Just last week in Macedonia—one of the former republics of the old 
Yugoslavia—it was as if the calendar had flipped back to 1991. Slav 
paramilitaries began prowling the streets of Skopje, the capital, putting up 
posters warning ethnic Albanian Muslims to flee or die. Mobs of Macedonian 
Slavs chanted, “Albanians to the gas chambers.” Led by rogue policemen, they 
sacked the Parliament building and chased the president from his office for 
the offense of negotiating peace with the enemy. 

Then rioters hunted Westerners on the streets, mostly aid workers and 
journalists, and beat a dozen of them senseless. The lobby of the new Holiday 
Inn, a hopeful investment in a young country’s future, was splattered with 
the blood of a BBC cameraman.

The mob violence was set off by unwitting U.S. NATO troops. On June 25 a 
convoy of U.S. Army 101st Airborne vehicles had escorted 450 Albanian 
guerrillas out of besieged Aracinovo. The town overlooks Skopje’s airport, 
and the guerrillas’ mortars seriously threatened NATO’s vital lines of supply 
into Kosovo, just 25 miles north. The Macedonian Army’s efforts to dislodge 
them militarily had been a dismal failure. But Macedonians saw NATO rescuing 
a defeated enemy. An American soldier working in the defense attache’s office 
at the U.S. Embassy was shot and wounded by Macedonian forces, though not 
seriously. President Bush tried to tamp down the anti-U.S. hysteria by 
freezing the bank accounts and visa rights of Albanian “terrorists.” He 
wouldn’t rule out sending more American troops to Macedonia.  
        
A STEEP POLITICAL COST
Milosevic’s extradition also had a steep political cost to the stability of 
Yugoslavia. When his lawyers won a stay of his extradition in Yugoslavia’s 
highest court, the Serbian prime minister, Zoran Djindjic, ignored it. 
Djindjic claimed the court was packed with Milosevic appointees. The Yugoslav 
prime minister resigned in protest, and the government collapsed.

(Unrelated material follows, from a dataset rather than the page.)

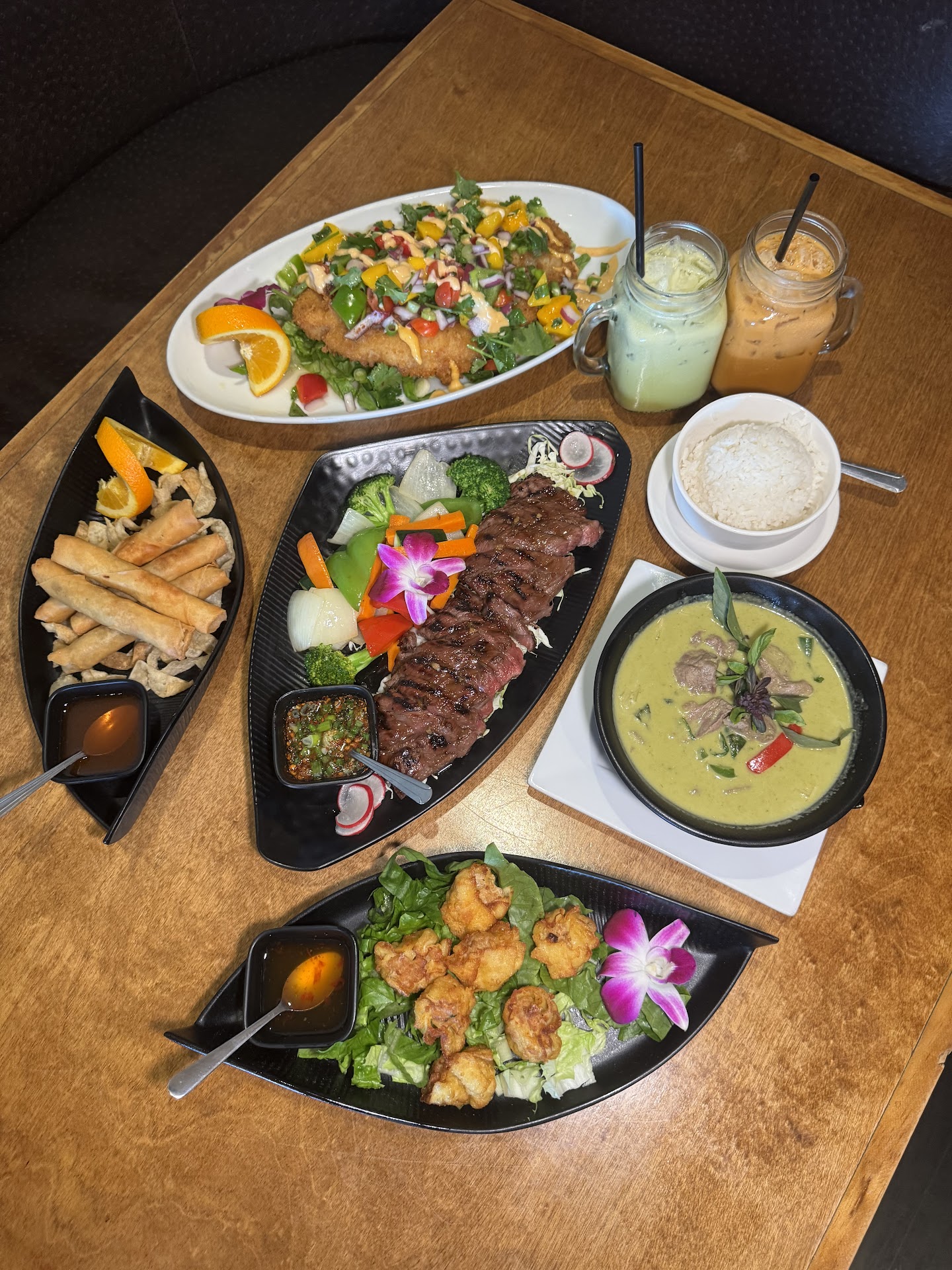 We’re still thinking about: 🌈 Rainbow Fish 🥩 Crying Tiger 🥣 Green Curry 🥟 Fried Wontons 🥚 Eggrolls 🥭 Mango Sticky Rice with Coconut Ice Cream 🍌 Fried Banana with Ice Cream 🧋 Green Milk Tea 🧋 Thai Tea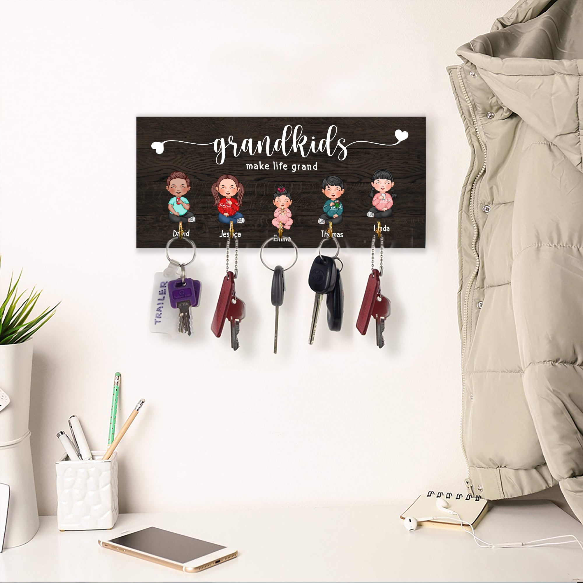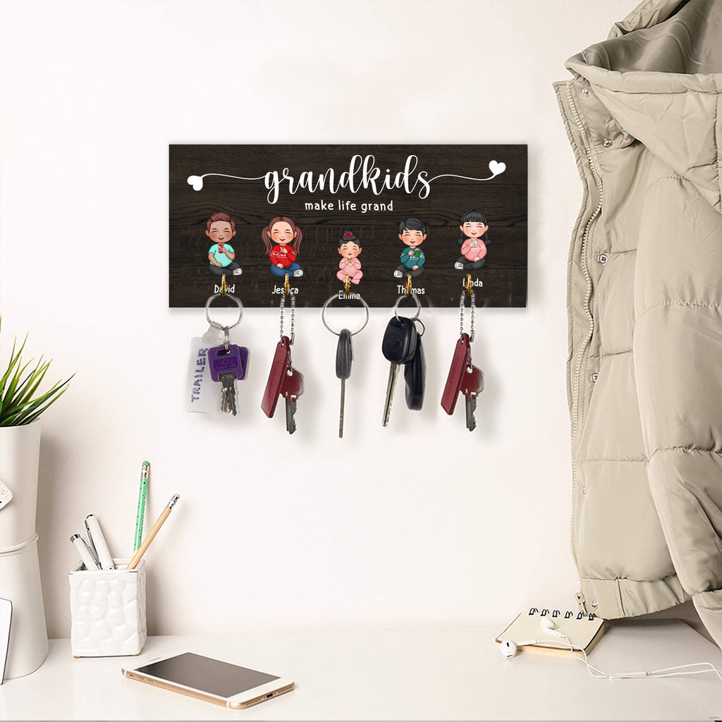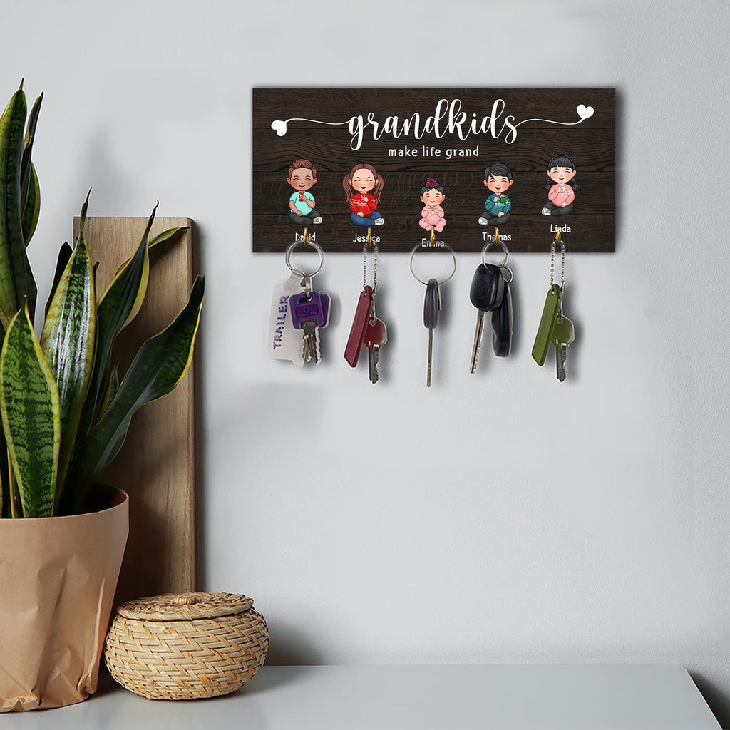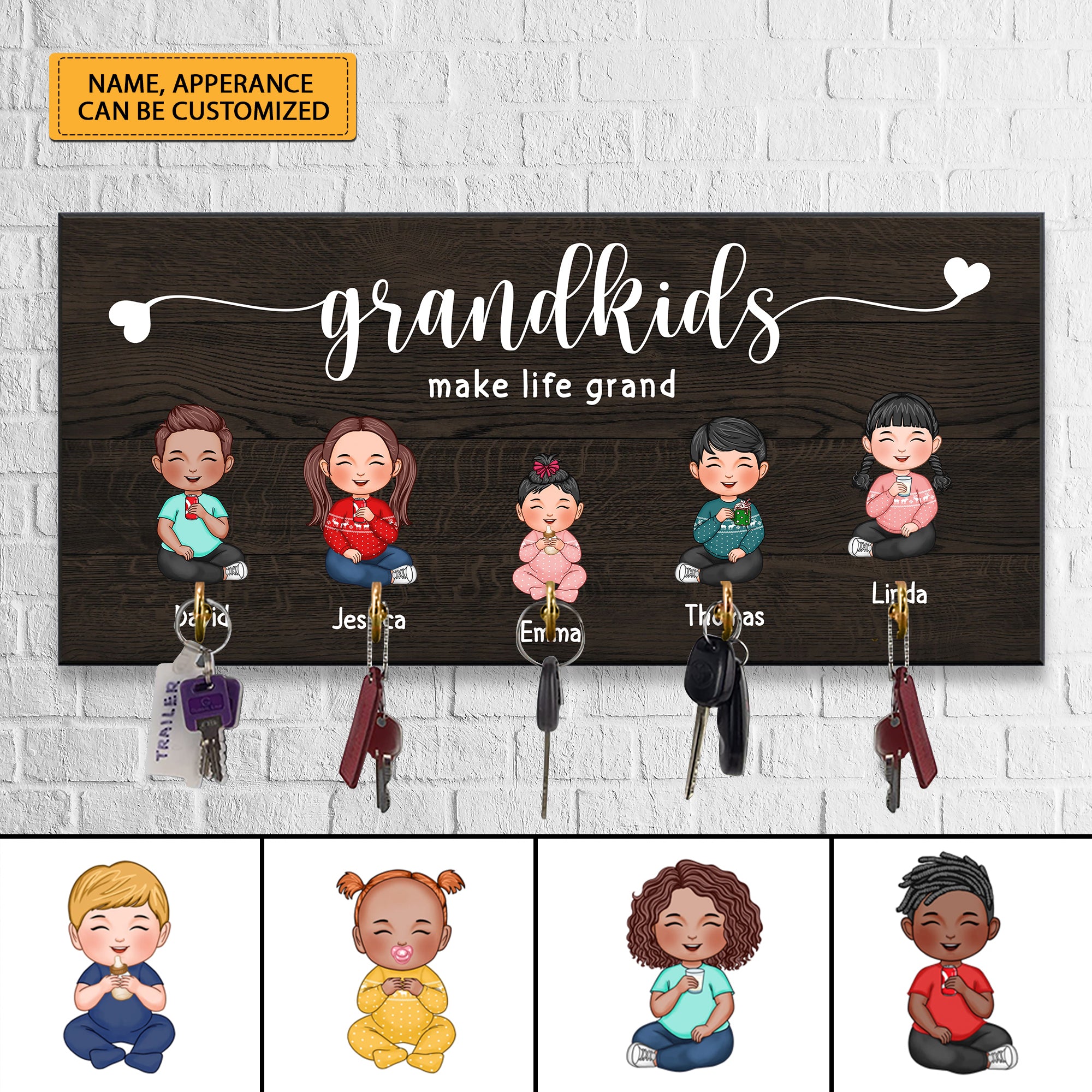 Grandkids Make Life Grand - Custom Appearances And Names - Personalized Key Hanger, Key Holder -Gift For Family

Few people beyond a gaggle of Serb supporters doubt that Milosevic is getting 
what he deserves. But most Serbs have not truly confronted the reality of 
what their nation did. A recent poll by Radio B92 found that Serbs still rank 
Milosevic as the fourth greatest Serb of all time. And the Serbs aren’t the 
only offenders in the region. While the world’s attention was on Milosevic 
and Bosnia, Croatia methodically ethnically cleansed those of its sizable 
Serb minority who remained. Even with Milosevic gone, pulling NATO troops out 
of Bosnia would still mean war. Kosovo is equally unstable. The province’s 
Albanian majority, who once endured Milosevic’s oppression, won’t condemn the 
systematic murder of the few elderly Serbs who haven’t fled. As the idea of a 
Greater Serbia lies discredited, Albanians privately aspire to an ethnically 
pure Greater Kosovo. 

NATO itself is not free of complicity. The West loudly demanded that Serbia 
send Milosevic to The Hague—the United States threatened to hold up aid if he 
wasn’t—but it has ignored the tribunal’s second and third most wanted men: 
Radovan Karadzic, former president of the Bosnian Serbs, and Ratko Mladic, 
the Serb general, both of whom were indicted for the ethnic cleansing of 
Bosnia. NATO troops were long ago ordered to arrest those two men on sight, 
but they move freely through their NATO-occupied territory. “It is equally 
important they be brought to account,” says Richard Holbrooke, the former 
U.N. ambassador and Balkans negotiator.

 Milosevic’s trial, by publicizing the evidence against him, will help bring 
a fuller reckoning. And today, at least, the region’s leaders are on notice 
that they can no longer run amok as he once did. As “Hoxha,” an Albanian 
rebel in Aracinovo, puts it, “Now hopefully others like Milosevic who think 
they are kings of the world will realize that they can’t get away with 
killing people.” It’s a strange thing to hear from a man brandishing an AK-47 
and getting ready for a new offensive against Macedonia’s democratically 
elected government. But perhaps it is true.